Essentially, this problem is finding the shortest path to all reachable vertices from a number of given vertices in a directed graph. The vertices are oranges, the given vertices are the rotted one at the beginning, the edge is formed between all the neighboring oranges, the direction is from either rotted to fresh or fresh to fresh. There are two catches. First, you need to count the steps of the shortest path and, second, you need to know whether or not you can reach all the vertices given the vertices at the beginning. To find the shortest path in a directed graph, we can use a queue to perform breadth first search algorithm. Basically, in each round, you take vertices from the queue, one by one, find its neighbor vetices, push those that is a fresh orange (because the direction only goes from rotted to fresh, not rotted to rotted). After each round, you increase the timer by one. You keep doing that until you run out of vertices to push to the queue. Then you return the timer. However, how do you know that you reaches all of the fresh oranges to return the timer? (Otherwise, you need to return -1 indicating that you can not reach all of the fresh oranges). The simple solution is that you can iterate the grid at the beginning to get how many fresh oranges there are (you need to do that anyway to add all of the rotten oranges originally to the queue). Then, after each time you see a fresh orange on your breadth first search way, you just decrease the number of fresh oranges by one. At the end, you can check whether or not that number goes to 0.

Revised by ChatGPT

This problem essentially involves finding the shortest path to all reachable vertices in a directed graph, where vertices represent oranges, and edges exist between neighboring oranges. The initial vertices are the rotten oranges and the direction of traversal is from rotten to fresh or from fresh to fresh.

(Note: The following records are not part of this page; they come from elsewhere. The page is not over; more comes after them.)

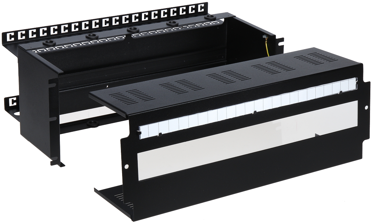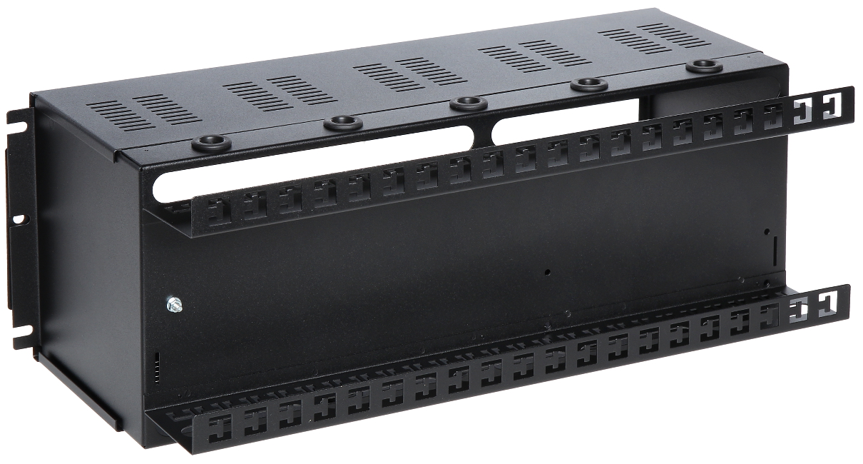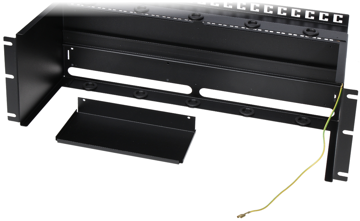 The enclosure with a DIN rail for RACK cabinets is intended for mounting equipment located inside DIN enclosures, for RACK 19" cabinets; The enclosure can accommodate max. 24 fuses, 1 S wide.; Width: 19 " ; Height: 4 U ;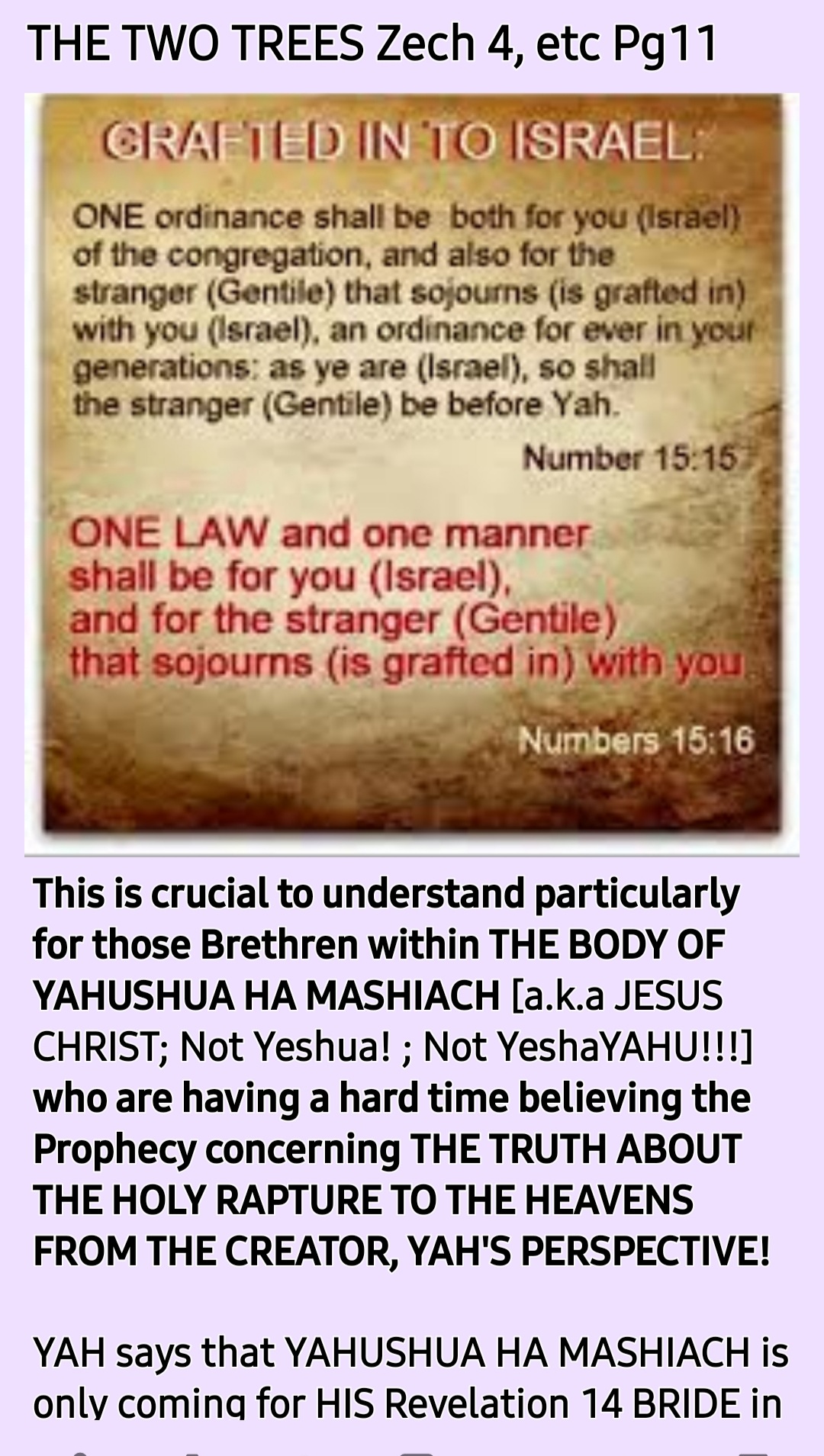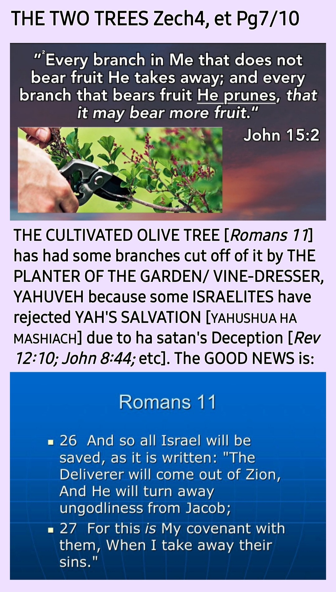 *THE TWO TREES OF Genesis 2; Zechariah 4 AND Romans 11 PROPHETIC TEACHING Continued…*
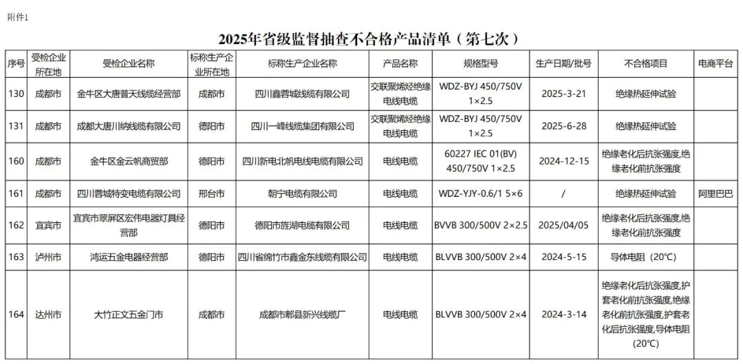四川省市场监管局发布2025年省级监督抽查不合格产品清单(第七次),7批次电线电缆产品不合格
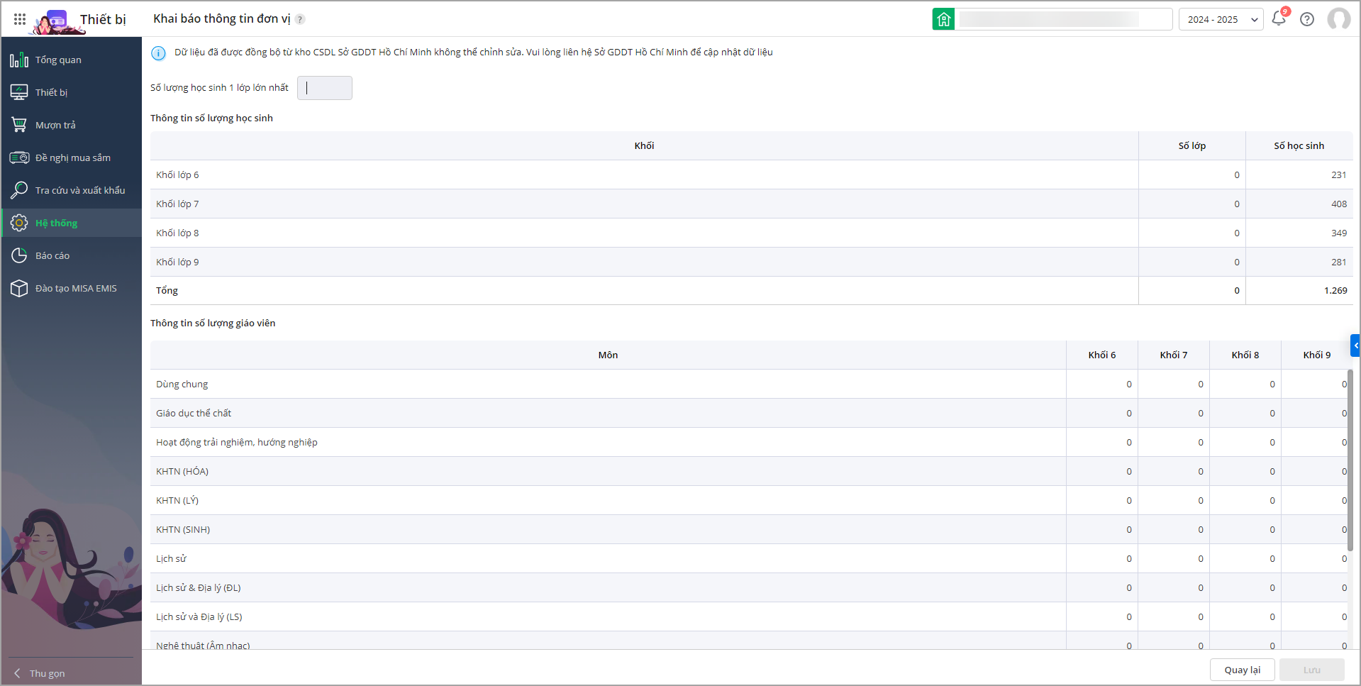 Phần mềm sẽ đồng bộ dữ liệu thiết bị từ cơ sở dữ liệu (CSDL) Hồ Chí Minh về EMIS Thiết bị cho các đơn vị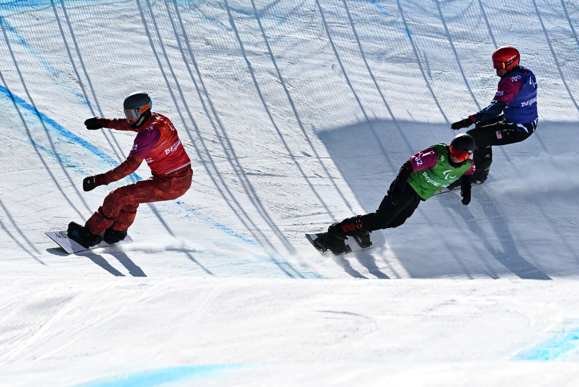 3月7日,中国选手武中伟(中)在北京冬残奥会单板滑雪男子障碍追逐LL1级比赛中,最终他获得季军。新华社记者宋彦桦摄

There are two main challenges: counting the steps in the shortest path and determining whether all vertices (oranges) can be reached from the initial set of vertices (rotten oranges). To solve this, we can use a queue to implement a breath-first search (BFS) algorithm. In each round of BFS, we dequeue vertices one by one, find their neighboring vertices, and enqueue those that are fresh oranges. After each round, we increment a timer to count the steps. This process continues until the queue is empty.

To determine whether all fresh oranges have been reached, we initially count the number of fresh oranges in the grid. Each time we encounter a fresh orange during the BFS, we decrement this count. If, at the end of the BFS, the count of fresh oranges is zero, it means all fresh oranges have been reached, and we return the timer value. Otherwise, we return -1 to indicate that not all fresh oranges could be reached.

This approach ensures that we find the shortest path to all reachable fresh oranges while also verifying that all fresh oranges have been infected.